Rate Limiting allows you to limit how many pages visitors and automated crawlers can access on your website per minute. If they exceed the limits that you have specified, they will temporarily have their access revoked and will receive a message saying their access to your site has been temporarily limited and they should try again in a few minutes.
Enable Rate Limiting and Blocking
This option lets you enable or disable the rate limiting and blocking features. If this option is OFF, all blocking including the options below are disabled.
How should we treat Google’s crawlers
Google crawlers are special. Usually, you want Google’s crawlers to visit and index your site without interruption, and you want to ensure that they have unlimited access to your site. So we have created this option so that you can ensure that Google is treated differently and given greater access than normal site visitors.

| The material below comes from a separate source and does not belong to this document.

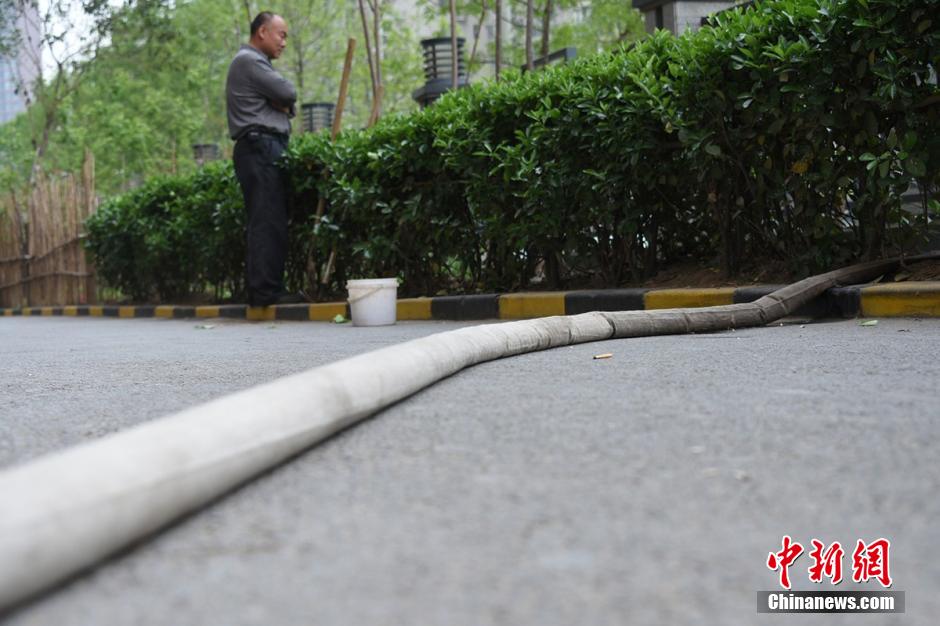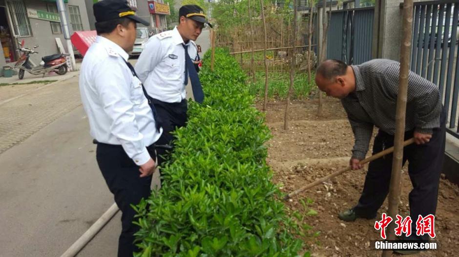 水管是從20樓放下來的,小菜園的主人用它來澆水。”未來路巡防隊(duì)員司廣紅說。在小菜園旁邊站著一名中年男子,手里拿著鐵锨。男子說,他是燕莊村民,姓張,家住9號(hào)樓20層。 李四信 攝 圖片來源:視覺中國

Verified Google crawlers have unlimited access to this site
If you would like to use a strict setting, you can set this to only give verified Google crawlers unlimited access to the site. This uses a reverse DNS lookup to verify that a visitor claiming to be a Google crawler is actually who they say they are. If a visitor arrives pretending to be Google by faking a Googlebot header, they won’t have unlimited access because they will fail the reverse lookup (PTR) test.
Anyone claiming to be Google has unlimited access
This option gives unlimited access to any visitor that has a Googlebot User-Agent header identifying them as a Google crawler. This will ensure that Google is never rate-limited on your website and can consume as much content as it likes. However, if a visitor claims to be Google by changing their User-Agent header to emulate Googlebot, they will also have unlimited access.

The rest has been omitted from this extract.